November 16, 2017 - Last week, new U.S. CLO issuance climbed past $100 billion and this week, it’s aiming for $105 billion. And this understates actual activity as there also has been $95 billion of refinancing activity and $45 billion of resets, according to Deutsche Bank stats. According to LCD, the market is up 80% relative to 2016. And, with about four weeks of actual worktime remaining, 2017 is not that far off from 2014’s record $124 billion. But will we get there? Probably not, say CLO analysts. BAML, Deutsche Bank and Nomura all have their updated 2017 CLO forecasts in the $110 billion context.
While likely not a record year, it is nonetheless impressive how CLOs have recovered from the risk retention shock. Still, the “brain damage” is reputed to be considerable and the recovery has not been equally shared. A glance at slide 70 of ThomsonReuters LPCs’ September 2017 Leveraged Loan Monthly shows that the top 10 CLO managers enjoyed a 35% new issue market share in the first three quarters of 2017. For 2016, the Big Ten held less than 29% of the new issue market. Thus, as has been anecdotally reported, CLO management is becoming more concentrated.

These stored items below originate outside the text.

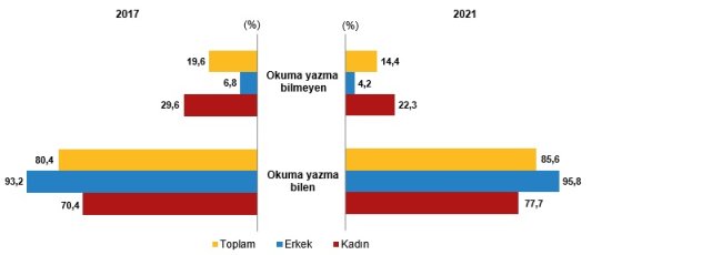 Yaşlı nüfusun cinsiyete göre okuma yazma oranı, 2017, 2021
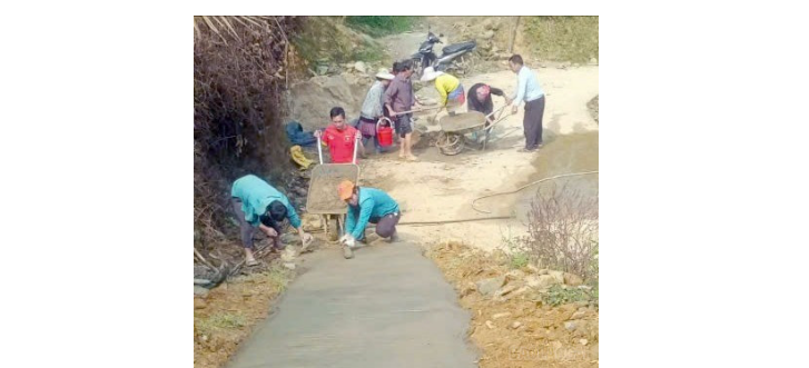 Người dân tích cực kiên cố hóa đường lên khu ruộng bậc thang.
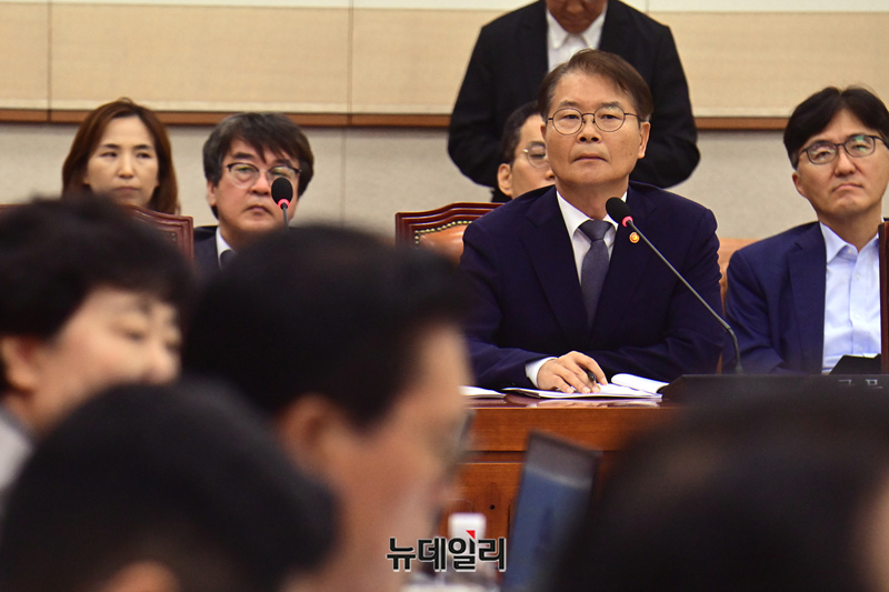 이정식 고용노동부 장관이 31일 오전 국회에서 열린 법제사법위원회 전체회의에서 의원들의 질문에 답하고 있다.
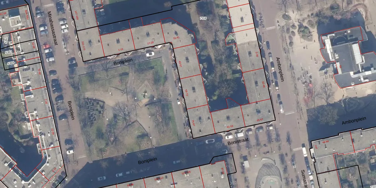 Boniplein 61 is gelegen op kadastraal perceel ASD19W7318. Deze kadastrale aanduiding is uniek en wordt gebruikt door het Kadaster om eigendomsrechten en andere zakelijke rechten vast te leggen. Het perceel maakt onderdeel uit van de kadastrale gemeente Amsterdam.
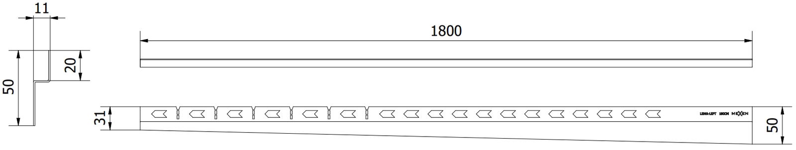 Bočný okraj lišty spôsobuje jednostranný spád k líniovému odtoku bez potreby vykonávania tzv. obálky
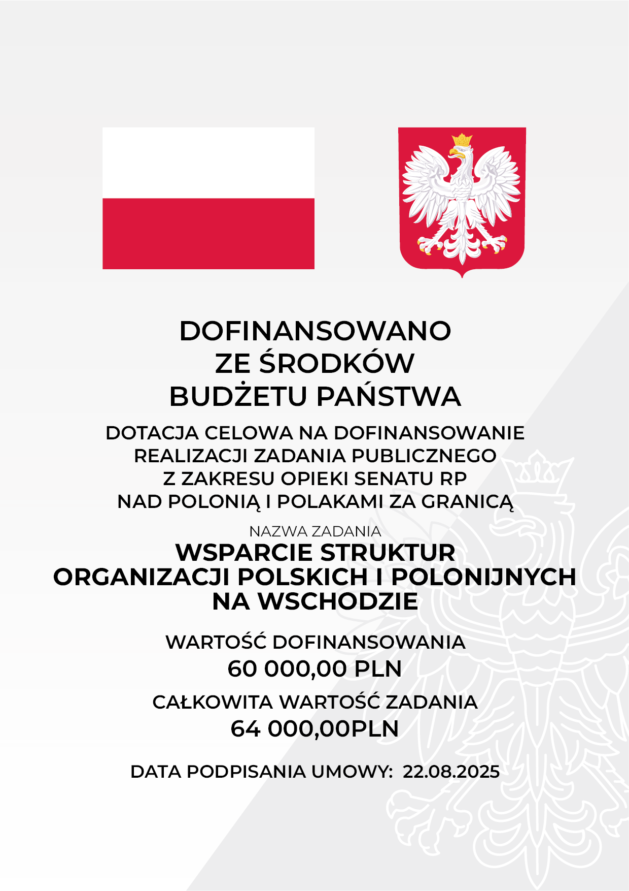 Stowarzyszenie „Wspólnota Polska” pragnie poinformować o realizacji zadania publicznego pn. Wsparcie struktur organizacji polskich i polonijnych na Wschodzie.

What happens if risk retention is scaled back? Managers we speak with evidence great interest in this. Managers are happy that more permanent capital has entered the space and a number say they might continue to technically retain risk even if the rules were rolled back. However, most note that accessing risk retention capital is very expensive; moreover, there is extensive “brain damage” involved in complying with all the nuances of the risk retention rule, including disclosure and fair value calculations. Even if they retained, managers wouldn’t miss jumping through these hoops.
Citi notes that were risk retention rolled back, more managers might re-enter the space, CLO equity – which has become scarce following risk retention – would become more widely available, and the world might split into “dual-compliant” and “non-compliant” CLOs (with bifurcated pricing).